Не умирай, Хозяйка! Не надо! Лина, Горемыка, новорожденная малышка и, может быть, Флоренс — это ж будут три выморочные, бесхозные бабы с младенцем, да в глуши, без защиты… Легкая добыча для кого ни попадя. Ни одна из них не обладает правом наследования; ни одна не принадлежит ни к одной церкви и не записана в приходских книгах. Мало того что женщины, так еще и вне закона — останься они на ферме после смерти Хозяйки, окажутся в положении нарушителей границ частного владения, захватчиков, скваттеров, так что их можно будет купить, сдать внаем, похитить, изнасиловать, изгнать… Ферму, скорее всего, сразу приберут к рукам баптисты, или им же ее продадут с молотка. А Лина так хорошо прижилась, ей так нравилось в этой маленькой крепкой семье! Только теперь она осознала ее непрочность. Хозяин и Хозяйка полагали, что смогут вести здесь честную жизнь, никому не давая отчета в своих убеждениях, так вот же… Без наследников вся их работа, вся городьба стоит не больше ласточкиного гнезда. Их отстраненность от общины породила себялюбивое уединение; они лишили себя утешения и помощи клана. Любого: баптисты, пресвитериане, племя, армия, родня… — какое-то внешнее окружье, какая-то оболонь необходима. Гордыня — вот что. Всего лишь гордыней было чувство, будто им никто, кроме них самих, не нужен, что они смогут прожить как Адам и Ева, как боги, пришедшие из ниоткуда и никому ничем не обязанные, помимо, разве что, собственных своих созданий. Надо было ей сказать им, как-то упредить, но так велика ее к ним любовь и преданность, что в ее же собственных глазах это было бы дерзословием неуместным. Пока Хозяин был жив, легко было на все смотреть сквозь пальцы; да и не были они семьей на самом деле, не были даже дружеской общиной. Сиротами они были и ничем больше — все вместе и каждый в отдельности.

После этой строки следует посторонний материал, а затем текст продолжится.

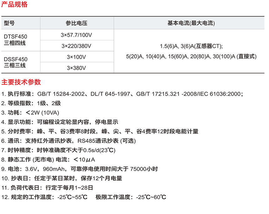 DTSF450、DSSF450系列三相四線、三相三線電子式多費率電能表用于測量三相四線和三相三線的有功電能,它采用最新微處理器技術(shù)和高精度寬量程數(shù)字化電能計量芯片,設(shè)計具有高精度、寬量程、穩(wěn)定性高、低功耗。結(jié)構(gòu)端莊穩(wěn)重,采用專用LCD顯示,以及軍用元器件生產(chǎn),從而電能表使用壽命長,免維護,抄表方便。該產(chǎn)品能正反向雙向計量,具有一定防止反接竊電能力,并提供脈沖輸出,方便用戶檢測,是國家推行分時電價政策的優(yōu)越產(chǎn)品。

Лина стала глядеть в неровную, волнистую оконницу, через которую проникал игривый лучик солнца, ласковым желтым светом изливаясь на пол в ногах Хозяйкиной постели. За окном на дальней стороне старой индейской дороги сплошной стеной высились буки. По давнему обыкновению она с ними заговорила.

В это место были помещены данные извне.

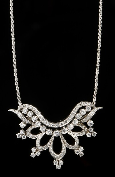 Twisted knot chain holding a brooch pendant set with diamonds (approx 2 ct)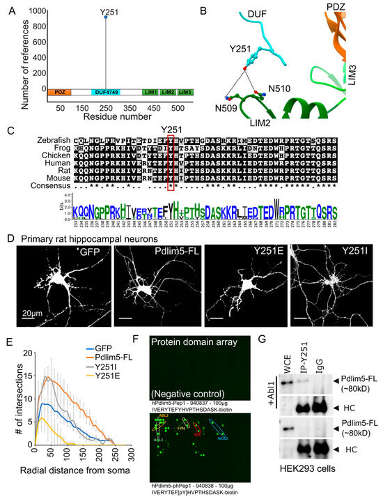 DUF domain cross-species conservation and phosphorylation at residue Y251. (A) Figure from PhosphoSitePlus depicting Pdlim5’s three principal domains, highlighting the phosphorylation of Y251 in the central DUF domain. The X axis indicates amino acid residue positions, and the Y axis represents the total number of references available on the PhosphoSitePlus website. (B) AlphaFold modeling of Pdlim5 with a focus on Y251 in the central DUF domain. Within the larger Pdlim5 folded structure, AlphaFold predicts the proximity of Y251 to two asparagine residues in the LIM2 domains. (C) Amino acid sequence alignment indicates the conservation of Y251 across vertebrate species, as well as the conservation of the closely surrounding part of the larger DUF domain. (D) Binary images of primary rat hippocampal cells following the expression of the point mutants Y251E or Y251I, relative to the expression of GFP or Pdlim5. Results show a significant decrease in dendritic branching upon expression of Y251E, while Y251I exhibited a more modest effect. (E) X-axis represents radial distance from soma in micrometer (µm) while Y axis shows number (#) of intersection. Sholl analysis quantifying the impact of the Y251E or Y251I mutants on neurite morphological characteristics. At least 15 neurons from three biological replicates were consolidated for the Sholl analysis. The significance was assessed using a two-way ANOVA (mixed-effect model for missing values and including repeated measures) with Bonferroni post hoc analysis that varies from p ≤ 0.0001 to p < 0.05, based on radial distance from the cell soma (compared to cells expressing GFP alone and Pdlim5-FL). Scale bars in the images represent 20 µm. (F) Data from a SH2 peptide domain array from proteins that are known to have selective capacities to bind phospho-residues. The array, described in the methods, was probed with DUF domain peptides surrounding the Y251 phosphorylation site. The top panel shows the binding profile of the unphosphorylated peptide-IVERYTEFYHVPTHSDASK-biotin, and the bottom panel shows the binding profile of the phosphorylated peptide-IVERYTEF[pY]HVPTHSDASK-biotin. Bound peptides were detected with streptavidin-Cy3. (G) Immunoblot of immunoprecipitates from HEK-293 cells expressing exogenous Abl1 kinase (top panel) versus not expressing exogenous Abl1 (lower panel). Antibodies selectively directed against phospho-Y251 within Pdlim5 were used for the initial pull-down followed by immunoblotting for Pdlim5.

— Что вы, что я… мы на своей земле здесь, — шептала она. — Да вам-то что, а я вот… в отчем краю изгнанница.
Очнувшись, Хозяйка вдруг забормотала, стала что-то горячо втолковывать — не то Лине, не то себе самой, — что-то очень важное, судя по быстрым, резким движениям глаз. Что сейчас может быть так уж важно? — подивилась Лина. — Так важно, что она силится говорить, когда весь язык в язвах, болит и отказывается служить! Да, что-то хочет сказать — вон, даже руками спеленатыми всплеснула. Лина повернула голову в направлении взгляда Хозяйки. А, смотрит на сундук, хранящий дорогие для нее вещицы, подарки Хозяина, отложенные на будущее. Кружевной воротник, шляпа, которую ни одна приличная женщина не наденет, павлинье перо, успевшее преломиться. Поверх нескольких кусков шелка зеркальце в изящной оправе, серебро которой потускнело.